Il soccorso alpino nazionale non si limita a condividere ma, caso più unico che raro, commenta, seppur in modo sobrio. "Non siamo soliti criticare chi viene soccorso dai nostri tecnici e nemmeno oggi punteremo il dito contro i due turisti che hanno rifiutato per diverse volte - in maniera incosciente - il nostro aiuto alle Tre Cime di Lavaredo. Vogliamo però offrire uno spunto di riflessione a tutti voi su quanto accaduto, ringraziamo Massimo Gramellini che oggi sulla prima pagina del Corriere della Sera ha rappresentato al meglio anche il nostro punto di vista. Buona lettura".
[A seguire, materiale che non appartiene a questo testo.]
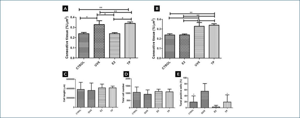 O conteúdo de colágeno diminuiu significativamente no grupo de ovariectomizadas em comparação com o controle, destacando a importância da integridade tecidual. O volume celular aumentou nos grupos de ovariectomizadas com reposição de estrogênio e com reposição de fitoestrógeno, indicando influência hormonal. Os níveis de apoptose variaram, com níveis mais altos nos grupos de ovariectomizadas e de ovariectomizadas com reposição de estrogênio, enquanto o de ovariectomizadas com reposição de fitoestrógeno se assemelhou ao grupo controle.
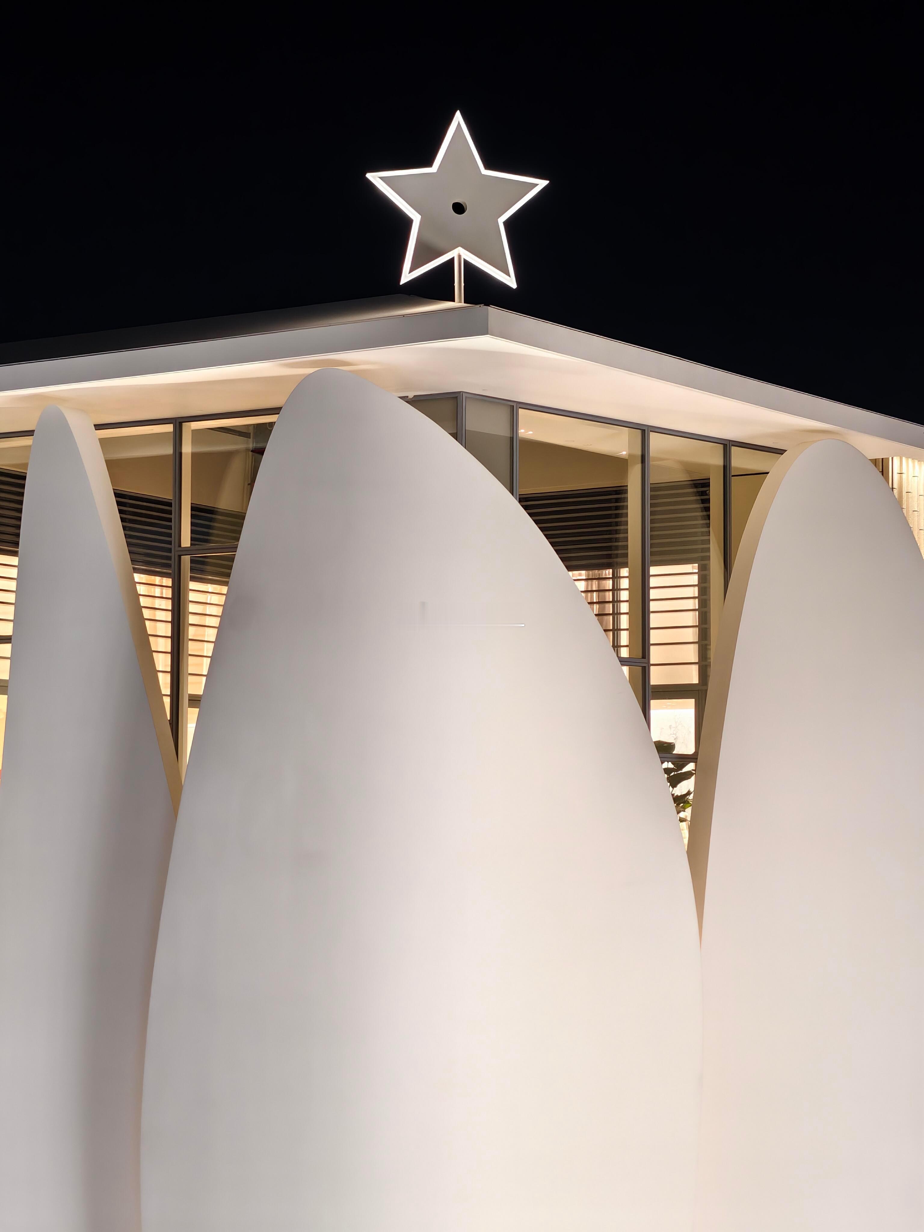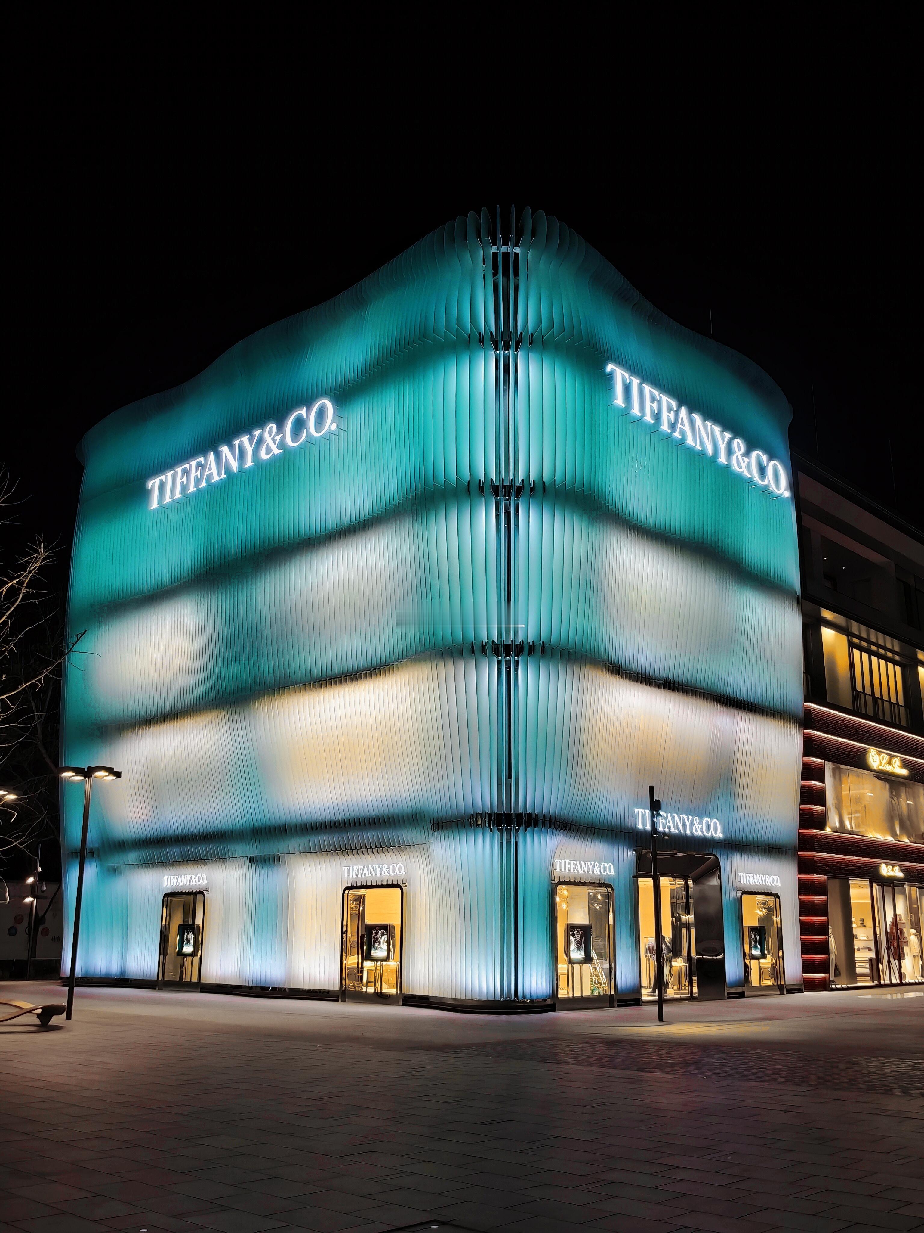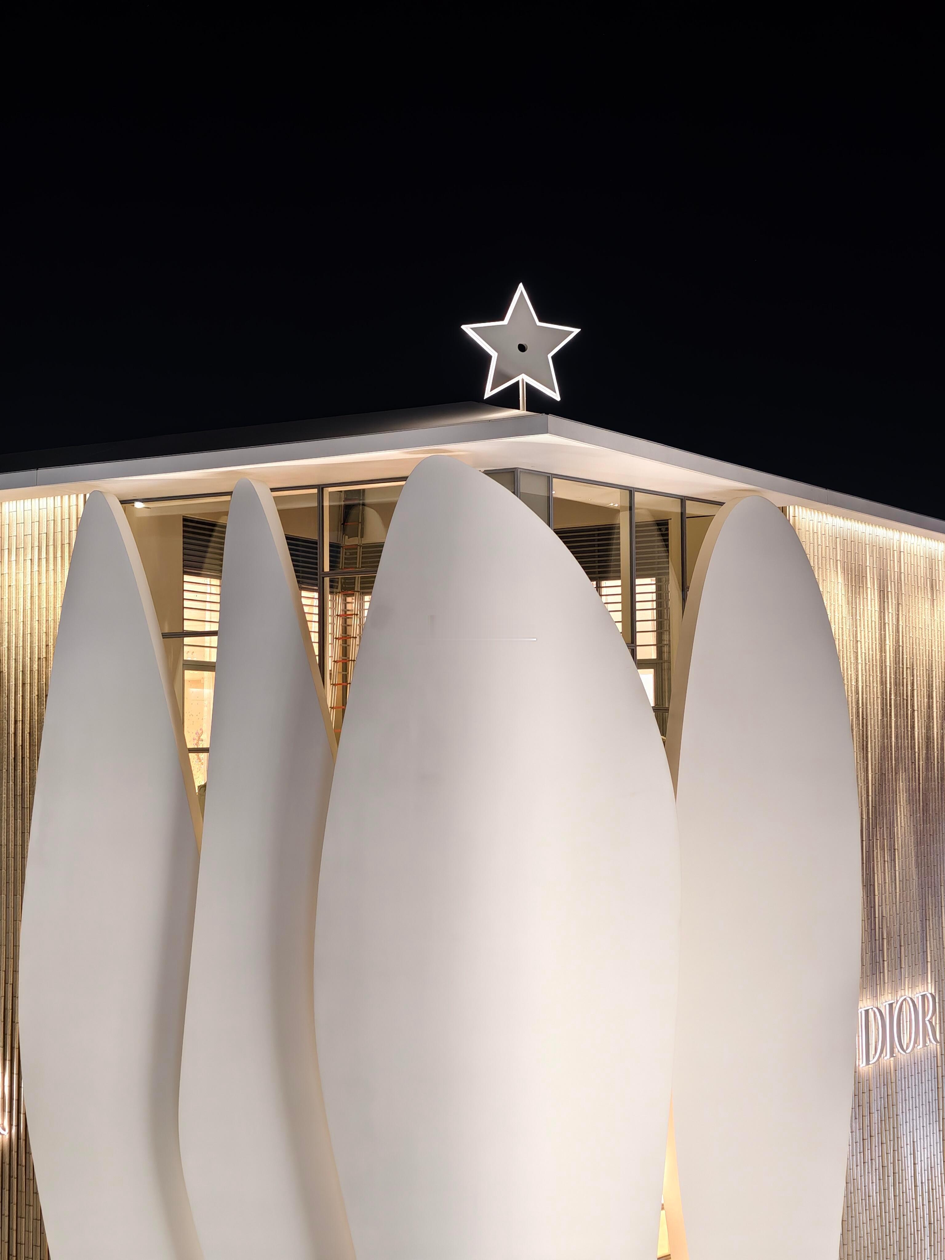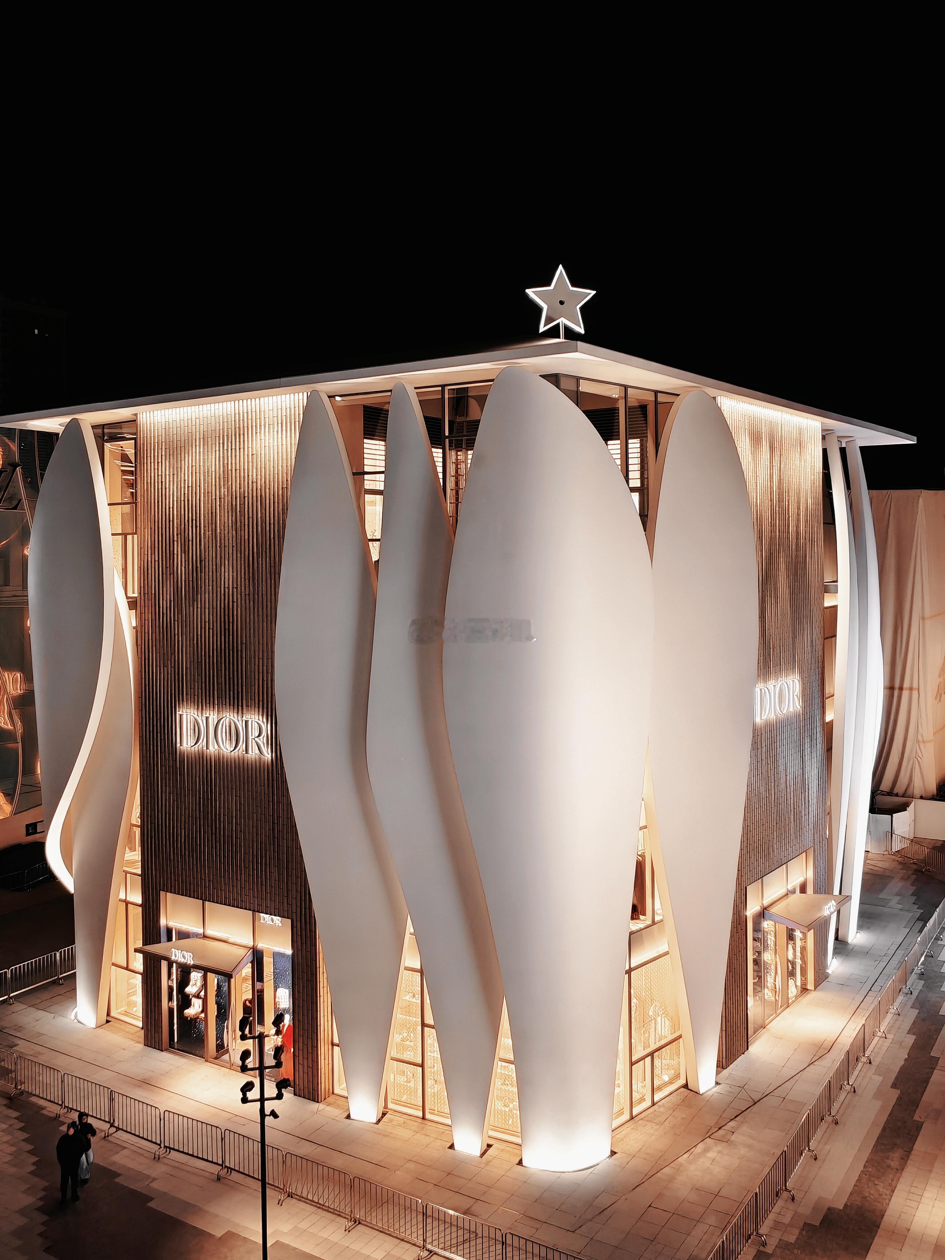 三里屯北区「演绎奢牌美学的终极表达」。五层通高落地窗既展现内部空间,又让建筑在不同光线下呈现丰富层次,兼具沉稳都市感与精致工艺感。时尚

Un punto di vista tra narcisismo e costo a carico anche della comunità, senza dimenticare i rischi di un intervento della macchina dei soccorsi. "Una coppia di scalatori di spagnoli - scrive Gramellini - ha raggiunto la vetta del narcisismo, rifiutando per ben due volte l'aiuto di un elicottero del soccorso alpino. Chi rischia la pelle [...] sostiene il luogo comune che la vita sia solo sua e possa farne ciò che vuole. Sa che il dio delle emozioni estreme pretende talvolta sacrifici umani e accetta di esserne la vittima potenziale, ritenendo che la questione riguardi soltanto lui e quel dio, con l'esclusione del resto dell'umanità".

 

"Invece, gli piaccia o no, il narcisista fa parte di una rete di persone destinato a pagare il conto delle sue idiozie. Non è libero di andare a duecento all'ora contromano, perché in caso di incidente sarà la comunità di cui fa parte ad addossarsene i costi in termini di carroattrezzi, cure ospedaliere e, soprattutto, vite coinvolte. [...] La scoperta di non essere soli al mondo può essere sconvolgente. Proprio come quella di esserlo (per altri versi). Finora non se ne conosceva il prezzo. Quello in euro, almeno 7.500 euro. Tanto dovranno versare i nostri eroi per il trambusto provocato dalla loro imprudente cocciutaggine. Più o meno il costo di un'utilitaria usata. Possibilmente non da loro".

 

La vicenda si è conclusa per il meglio, gli alpinisti sono stati recuperati in buone condizioni e portati al rifugio Auronzo. La coppia spagnola, già soccorsa di un'altra situazione appena una settimana fa, si sono arresi dopo tre giorni, quando la madre dell'uomo aveva allertato proprio i soccorsi e aveva avuto un malore per lo stress (Qui l'intera vicenda).